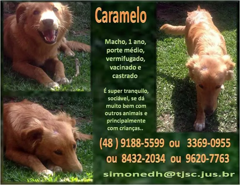 No dia 10 de agosto, quando estavam se aproximando da parada do ônibus situada na Osmar Cunha esquina com a Dom Jaime Câmara, em frente ao restaurante Texano, encontraram o Caramelo deitado sem reação. Não sabiam se tinha sido atropelado ou se estava com algum problema de saúde. Tentaram vários contatos com o Bem estar animal, Centro de Zoonoses, até mesmo o SAMUVET, porém sem sucesso. De inúmeras pessoas que se sensibilizaram com o fato, a Vanessa contatou sua amiga Simone, que solicitou o auxilio da Veterinária Lara do Consultório Veterinário Recanto da Mata. A Lara buscou o Caramelo no local e o levou para exames. Ele está bem, foi castrado e vacinado. Agora é necessário que uma família responsável o adote. É super tranquilo, sociável, se dá muito bem com outros animais e principalmente com crianças.. Está pronto e apto para ser adotado.
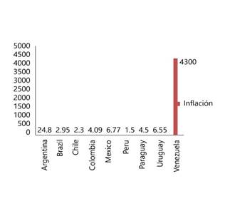 Según los datos históricos del Banco Mundial para los años 2016-2017, la inflación promedio en el mundo bajó, pasando de niveles promedio de 3,7% en 2012 a 2,5% en 2014 y la tendencia, aunque parece estabilizarse siguió a la baja más lentamente. En ese sentido, para los años 2016-2017 el comportamiento en América Latina mostró una conducta estable, excepto en países como Argentina, México y Venezuela, tal y como se puede observar en el Gráfico 1.
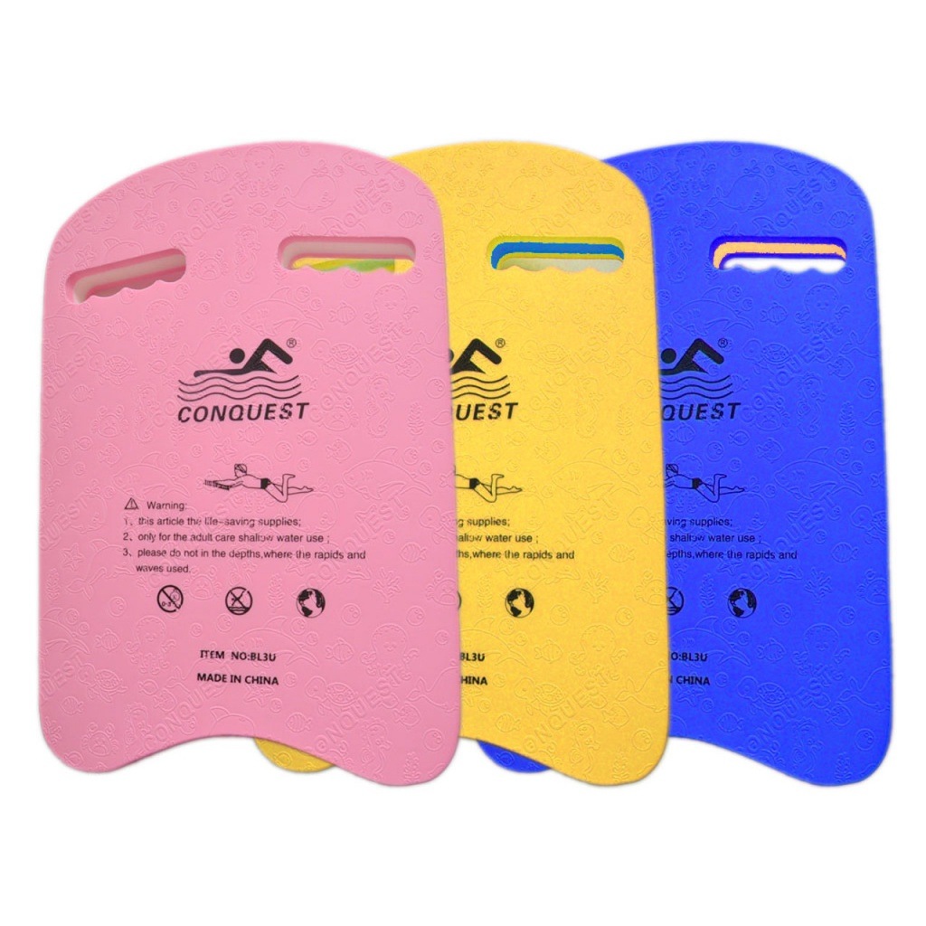 U-подібна трьохшарова дошка для плавання CONQUEST зроблена з легкого плавучого матеріалу – EVA (етиленвінілацетат). Її використовують для відпрацювання рухів ногами під час плавання, утримуючи дошку руками. На дошці є спеціальні прорізи для рук. Це створює зручність для міцнішого утримування дошки руками.
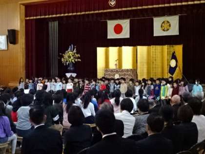 まずは新一年生70人が,ドキドキしながら6年生とともに入場してきました。6年生の手をぎゅっと握る姿はとてもかわいらしかったです。その後は担任発表や2年生のお迎えの言葉などがありました。2年生は学校の様子をかっこよく1年生に教えてくれました。6年生もしっかりとした態度で臨み,入学式の雰囲気を引き締めてくれました。
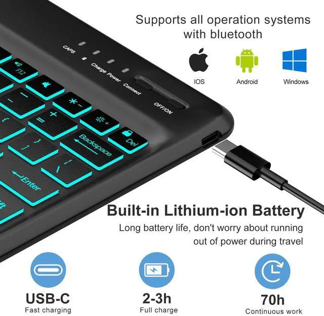Rechargeable keyboard with long battery life: Using the USB-C charging, it can be charged quickly and can be fully charged in 2.5 hours. It can be used for 70 hours on a single charge, no need to worry about running out of power when traveling, and it is easy to carry. The box contains a Type-C charging cable.
──────────────────────────────
▶ Exercise prompt: Line by line, write out the material above exactly, with no images.

▶ Exercise answer:
 No dia 10 de agosto, quando estavam se aproximando da parada do ônibus situada na Osmar Cunha esquina com a Dom Jaime Câmara, em frente ao restaurante Texano, encontraram o Caramelo deitado sem reação. Não sabiam se tinha sido atropelado ou se estava com algum problema de saúde. Tentaram vários contatos com o Bem estar animal, Centro de Zoonoses, até mesmo o SAMUVET, porém sem sucesso. De inúmeras pessoas que se sensibilizaram com o fato, a Vanessa contatou sua amiga Simone, que solicitou o auxilio da Veterinária Lara do Consultório Veterinário Recanto da Mata. A Lara buscou o Caramelo no local e o levou para exames. Ele está bem, foi castrado e vacinado. Agora é necessário que uma família responsável o adote. É super tranquilo, sociável, se dá muito bem com outros animais e principalmente com crianças.. Está pronto e apto para ser adotado.
 Según los datos históricos del Banco Mundial para los años 2016-2017, la inflación promedio en el mundo bajó, pasando de niveles promedio de 3,7% en 2012 a 2,5% en 2014 y la tendencia, aunque parece estabilizarse siguió a la baja más lentamente. En ese sentido, para los años 2016-2017 el comportamiento en América Latina mostró una conducta estable, excepto en países como Argentina, México y Venezuela, tal y como se puede observar en el Gráfico 1.
 U-подібна трьохшарова дошка для плавання CONQUEST зроблена з легкого плавучого матеріалу – EVA (етиленвінілацетат). Її використовують для відпрацювання рухів ногами під час плавання, утримуючи дошку руками. На дошці є спеціальні прорізи для рук. Це створює зручність для міцнішого утримування дошки руками.
 まずは新一年生70人が,ドキドキしながら6年生とともに入場してきました。6年生の手をぎゅっと握る姿はとてもかわいらしかったです。その後は担任発表や2年生のお迎えの言葉などがありました。2年生は学校の様子をかっこよく1年生に教えてくれました。6年生もしっかりとした態度で臨み,入学式の雰囲気を引き締めてくれました。
Rechargeable keyboard with long battery life: Using the USB-C charging, it can be charged quickly and can be fully charged in 2.5 hours. It can be used for 70 hours on a single charge, no need to worry about running out of power when traveling, and it is easy to carry. The box contains a Type-C charging cable.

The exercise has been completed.